I came across the bioinformatics one-liners on the biostar forum and gathered them here.

I also added some of my own tricks

05/21/2015.

get the sequences length distribution form a fastq file using awk

zcat file.fastq.gz | awk 'NR%4 == 2 {lengths[length($0)]++} END {for (l in lengths) {print l, lengths[l]}}'  

add barcode to 10x single cell R1 read

cat test.fq | awk 'NR%4 == 2 {$0="xxx"$0}{print}'
@D00365:1187:HMM2FBCX2:1:1103:1258:2132 1:N:0:CGTGCAGA
xxxTATTACCAGATGAGAGCATGGTTAGG
+
DDDDDIIIIIIIHIIIIIIIIIIIII
@D00365:1187:HMM2FBCX2:1:1103:1472:2136 1:N:0:CGTGCAGA
xxxAACCATGAGTGTCCCGCTGGCATCGC
+
DDDADGHHIIHIIGIHHHFCHHIIII
@D00365:1187:HMM2FBCX2:1:1103:1822:2139 1:N:0:CGTGCAGA
xxxGTGCATATCATGTAGCGTATTATACT
+
DDDDDIIIIIIIIIIIIIIIIIIIII
@D00365:1187:HMM2FBCX2:1:1103:1943:2145 1:N:0:CGTGCAGA
xxxGATTCAGTCTCCAACCTCTCCTTTGT
+
DDDDDHIIIIIIIIIIHIIIIHIIII
@D00365:1187:HMM2FBCX2:1:1103:1917:2147 1:N:0:CGTGCAGA
xxxCCTTCGACAAGTTGTCAGGTGCGGTC
+
DDDDDHIIIIIIIIIIIIIIGIIHHH

Reverse complement a sequence (I use that a lot when I need to design primers)

echo 'ATTGCTATGCTNNNT' | rev | tr 'ACTG' 'TGAC'

split a multifasta file into single ones with csplit:

csplit -z -q -n 4 -f sequence_ sequences.fasta /\>/ {*}  

Split a multi-FASTA file into individual FASTA files by awk

awk '/^>/{s=++d".fa"} {print > s}' multi.fa

linearize multiline fasta

cat file.fasta | awk '/^>/{if(N>0) printf("\n"); ++N; printf("%s\t",$0);next;} {printf("%s",$0);}END{printf("\n");}'
awk 'BEGIN{RS=">"}NR>1{sub("\n","\t"); gsub("\n",""); print RS$0}' file.fa

fastq2fasta

zcat file.fastq.gz | paste - - - - | perl -ane 'print ">$F[0]\n$F[2]\n";' | gzip -c > file.fasta.gz

bam2bed

samtools view file.bam | perl -F'\t' -ane '$strand=($F[1]&16)?"-":"+";$length=1;$tmp=$F[5];$tmp =~ s/(\d+)[MD]/$length+=$1/eg;print "$F[2]\t$F[3]\t".($F[3]+$length)."\t$F[0]\t0\t$strand\n";' > file.bed

bam2wig

samtools mpileup -BQ0 file.sorted.bam | perl -pe '($c, $start, undef, $depth) = split;if ($c ne $lastC || $start != $lastStart+1) {print "fixedStep chrom=$c start=$start step=1 span=1\n";}$_ = $depth."\n";($lastC, $lastStart) = ($c, $start);' | gzip -c > file.wig.gz

Number of reads in a fastq file

cat file.fq | echo $((`wc -l`/4))

Single line fasta file to multi-line fasta of 60 characteres each line

awk -v FS= '/^>/{print;next}{for (i=0;i<=NF/60;i++) {for (j=1;j<=60;j++) printf "%s", $(i*60 +j); print ""}}' file

fold -w 60 file

Sequence length of every entry in a multifasta file

awk '/^>/ {if (seqlen){print seqlen}; print ;seqlen=0;next; } { seqlen = seqlen +length($0)}END{print seqlen}' file.fa

Reproducible subsampling of a FASTQ file. srand() is the seed for the random number generator - keeps the subsampling the same when the script is run multiple times. 0.01 is the % of reads to output.

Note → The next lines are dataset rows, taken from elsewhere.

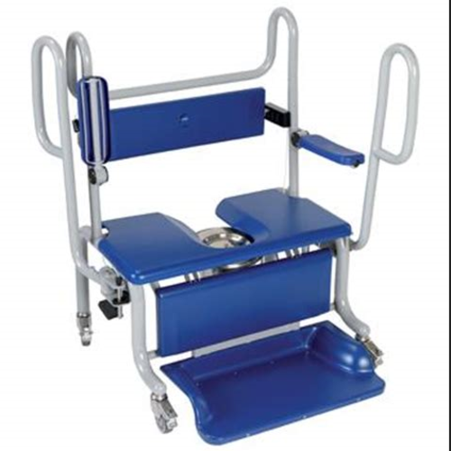 The Carmina has the same features as the Carmina basic but also features attendant Push poles and foot rests. Push poles assists carer's when maneuvering the chair. More mobile patients can use the push poles as support when sitting down/standing up. Poles fold away to allow easy lateral transfers for patients. Adjustable foot rest provides comfortable and safe sitting position and good access for transfers with different types of passive lifters. Foot rests can be raised for comfort during transport or rested on the floor which provides more stability for more mobile patients during transfers.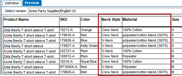In the following example, the 'Neck Style' and 'Material' columns are merged. Though it is common to merge columns or rows that are directly adjacent to one another, any columns or rows can be chosen. E.g., in the below example, 'Product Name' and 'Color' could be merged, and so forth.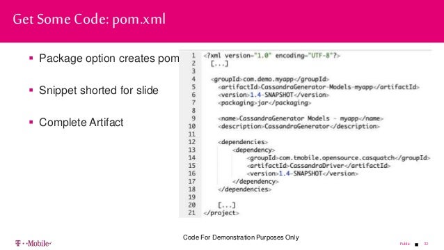 - 32. 32Public Package option creates pom.xml Snippet shorted for slide Complete Artifact Get Some Code: pom.xml Code For Demonstration Purposes Only

cat file.fq | paste - - - - | awk 'BEGIN{srand(1234)}{if(rand() < 0.01) print $0}' | tr '\t' '\n' > out.fq

or look at the Hengli's Seqtk

Deinterleaving a FASTQ:

cat file.fq | paste - - - - - - - - | tee >(cut -f1-4 | tr '\t'  
'\n' > out1.fq) | cut -f5-8 | tr '\t' '\n' > out2.fq

Using mpileup for a whole genome can take forever. So, handling each chromosome separately and parallely running them on several cores will speed up your pipeline. Using xargs you can easily realize it.

Example usage of xargs (-P is the number of parallel processes started - don't use more than the number of cores you have available):

samtools view -H yourFile.bam | grep "\@SQ" | sed 's/^.*SN://g' | cut -f 1 | xargs -I {} -n 1 -P 24 sh -c "samtools mpileup -BQ0 -d 100000 -uf yourGenome.fa -r {} yourFile.bam | bcftools view -vcg - > tmp.{}.vcf"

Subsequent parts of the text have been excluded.